## Problem to solve
Where the line containing "Sinks & Faucets" appears in the records below, begin there and repeat each line exactly through the final one, dropping all pictures.

## Task material
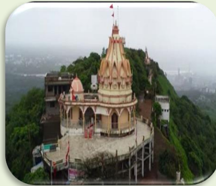
Parnera Hills (9 km)
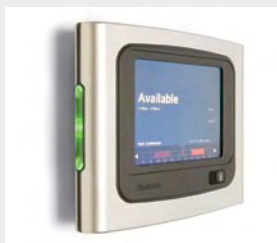
Lights Indicate Room Availability
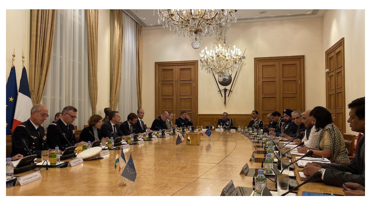
Gahlot also interpreted during meetings between the Indian Defense Minister and French Defense Minister Florence Parly during the second edition of the "India-France Annual Defence Dialogue."
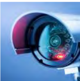
CCTV surveillance for common areas
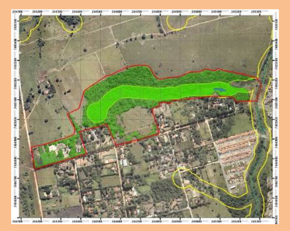
Figure 3: Park. Municipal Horto with its territorial delineation, vegetation cover and surrounding areas.
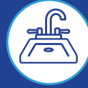
Sinks & Faucets
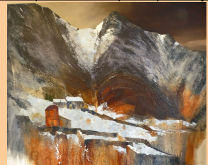
1 m x 1.20
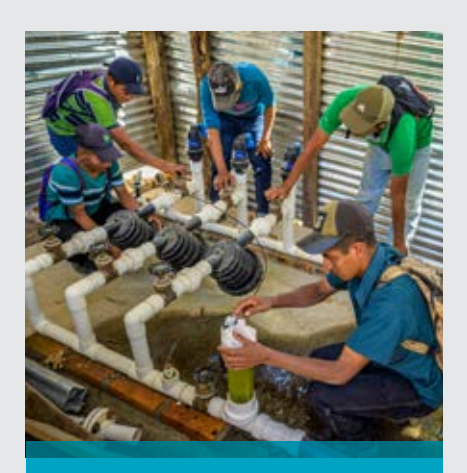
Solutions that last

Communities lead the installation of latrines and handwashing stations, as well as hygiene behavior-change efforts, to help eliminate open defecation and prevent the spread of deadly infectious diseases.
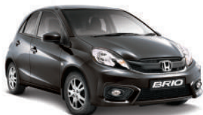
Modern Steel Metallic
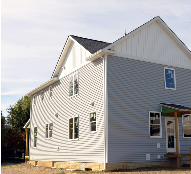
34<sup>TH</sup> STUDENT HOUSING PROJECT
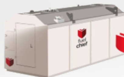
DC200 - 15,000L (18,780 SFL)

## Output
Sinks & Faucets
1 m x 1.20
Solutions that last

Communities lead the installation of latrines and handwashing stations, as well as hygiene behavior-change efforts, to help eliminate open defecation and prevent the spread of deadly infectious diseases.
Modern Steel Metallic
34<sup>TH</sup> STUDENT HOUSING PROJECT
DC200 - 15,000L (18,780 SFL)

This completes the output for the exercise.